The crowd of people — many with rainbow flags and signs calling for love and remembrance of the 49 people killed in a shooting at an Orlando gay nightclub early Sunday morning — stretched so far back that dozens could only listen to the speakers on the steps of City Hall. They condemned the kind of hatred that led to the attack, paid their respects to the victims and offered support to the LGBTQ community.
Just before Mayor Sylvester Turner took the podium, City Hall was lit up in a rainbow.
"We recognize in this city that every person's life has value," Turner said. "In this city, we say no to hate. We say no to discrimination. We say no to terroristic activities. We say no to any person or group who would seek to divide or separate us in this city."
Many of the night’s speakers that preceded him demanded action: Council member and Mayor Pro-Tem Ellen Cohen called for reviving the Houston Equal Rights Ordinance, urging hundreds of people to vote 'yes.' Bishop James Dixon called on state and national lawmakers to amend the “insane gun laws” that create the kind of loopholes which allow suspected terrorists like the Orlando shooter to purchase assault rifles.
Although calls for action are ringing out across the nation in wake of the tragedy, on Wednesday night, words were given just as much weight.
“Words matter. Words plant seeds, seeds that grow into social interactions,” said one of the first speakers, Fran Watson, president of the Houston GLBT Political Caucus. “Let’s think about the seeds we want to plant.”
In a city where many transgender people felt demonized and depicted as predators during last year's fight over HERO, Watson’s message rang particularly true. Cohen challenged the crowd to actually do something when they hear the kind of homophobic fear-mongering that doomed HERO.
Black Lives Matter activist Ashton Pierre Woods, who is also gay, reminded the crowd that children are looking up to them as role models, saying they deserve to grow into a better world than this one. Pastor Troy Treash, from the Resurrection Metropolitan Community Church, prayed that no one would use the Orlando tragedy to marginalize more minority groups.
Just as the crowd and dozen-plus speakers stood with the LGBTQ community, they also expressed solidarity with the Muslim community. A Muslim imam, Wazir Ali, closed the night by leading the multi-faith crowd in the Lord’s Prayer, reminding them that if they are praying people, then they are all praying to the same God.

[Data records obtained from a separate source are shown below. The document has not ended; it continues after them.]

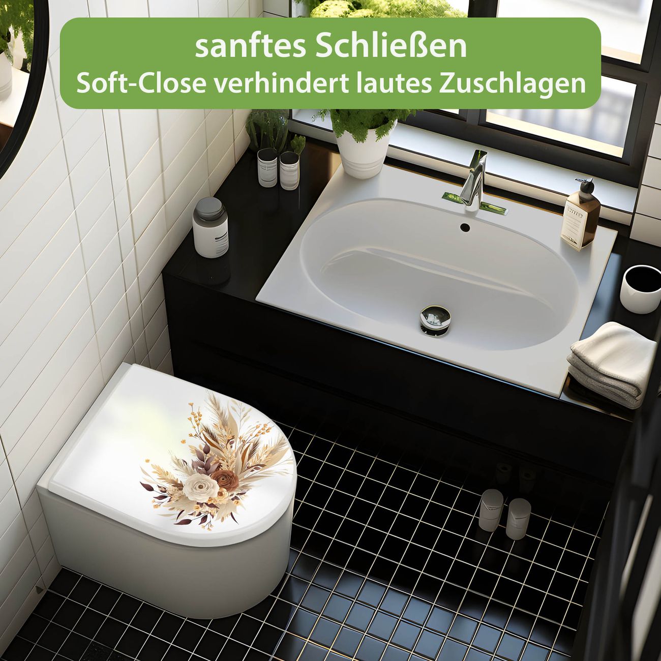 WC Sitz mit Absenkautomatik D Form Motiv Herbstlicher Blumenstrauß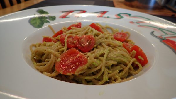- Das Pesto unter die Spaghetti heben und die halbierten Tomaten untermengen.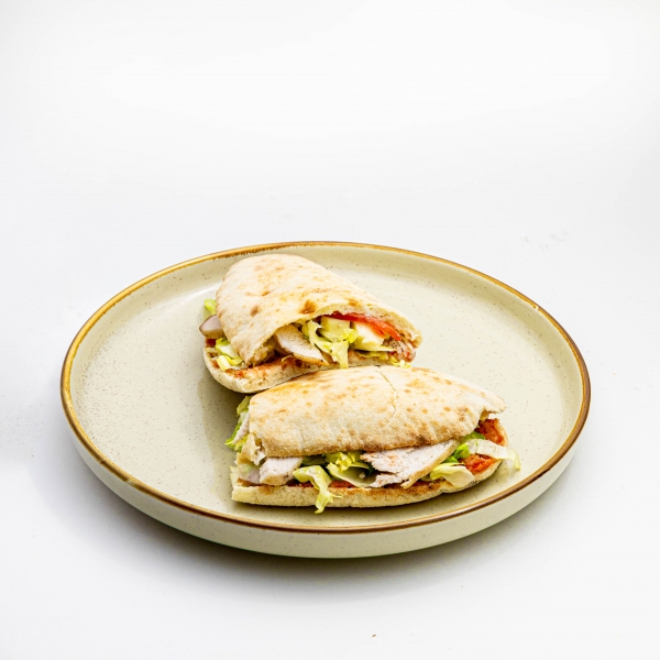 Сэндвич, запеченный в дровяной печи с добавлением курицы, соуса Ранч, томатного соуса, свежих томатов, салата Айсберг и моцареллы.

By then it was dark, and among the hundreds of flickering candles across the City Hall lawn, 49 remained unlit on the City Hall steps, plus a 50th candle to be lit for people who have been targets of hate crimes or terrorism around the world.

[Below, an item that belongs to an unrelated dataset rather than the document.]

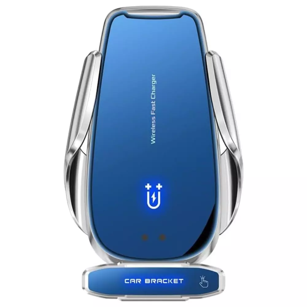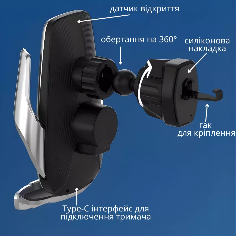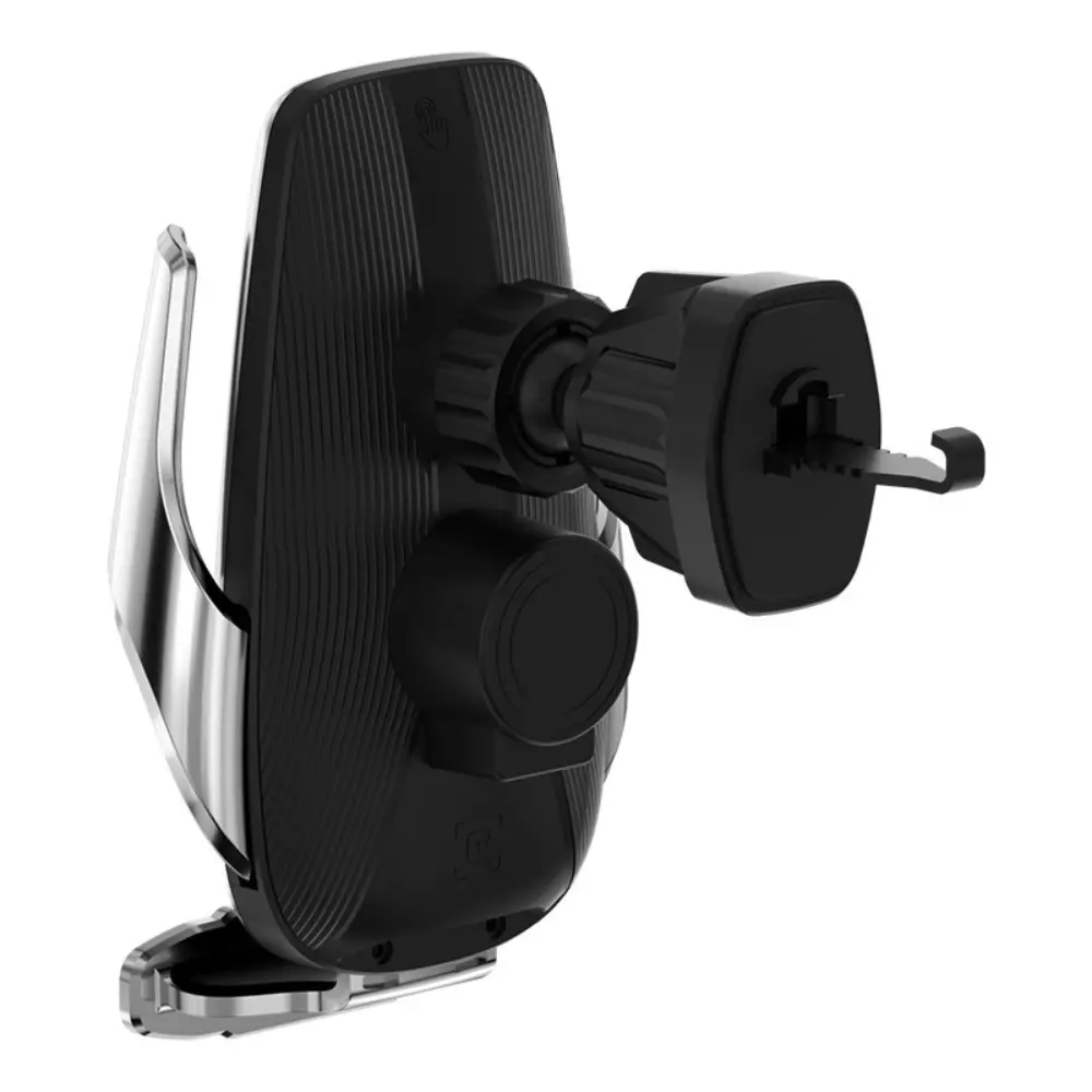 Тримач для телефону, автомобільний з бездротовою зарядкою 15W з функцією автоматичного відкриття, сріблястий

Several speakers read the names of the 49 people who lost their lives. The speakers each read slowly, deliberately, articulately.
The crowd was silent, and so was the city. No police sirens rang out; no car horns honked. Only the names of victims permeated the silence.
We ran into Lou Weaver afterward, who helped read the names. Weaver, a transgender man, recalled having read earlier this week about some emergency workers who thought that the crime-scene investigation at Pulse nightclub would be solemn and quiet, but had instead found the cellphones at the scene kept ringing—text messages and phone calls that would never be answered.
He said he couldn’t stop thinking about those families on the other end of the line as he read off eight names: Edward Sotomayor Jr., Stanley Almodovar III, Luis Omar Ocasio-Capo, Akyra Monet Murray, Luis S. Vielma, Juan Ramon Guerrero, Christopher Andrew Leinonen and Eric Ivan Ortiz-Rivera.
Weaver said he was thankful to the speakers and faith leaders who acknowledged the victims were targeted and killed because of who they love. In the days after the attack, he said he and other LGBTQ members have been infuriated by rhetoric suggesting that those who died at Pulse should not be considered "LGBT" victims, but just victims, just Americans, as though their identity had nothing to do with the reason someone harbored hate against them and took their lives. It felt like people were trying to erase their identities, he said.
Weaver wondered if the solidarity with and recognition of his community would continue after that night. Would the 15 of 16 City Council members who stood with the LGBTQ community last night stand with them at the Pride Parade?
"We have to be together all the time, every time, because this is about equality for every single Houstonian, every single person that showed up tonight, including the people from the [Muslim] community," he said. "The man who sat next to me was fasting until the sun went down, and someone thankfully brought him some water, because it’s Ramadan, and he was out here sitting next to me, and he hadn’t eaten all day. Is it his fight? Yes, it’s his fight. It’s an intersectional fight — every single one of us matters. And language matters, because if we erase one, we erase all."
A small group of people slowly gathered around Weaver as he spoke. When he finished, a young woman asked him if she could give him a hug. "I really needed to hear that," she said.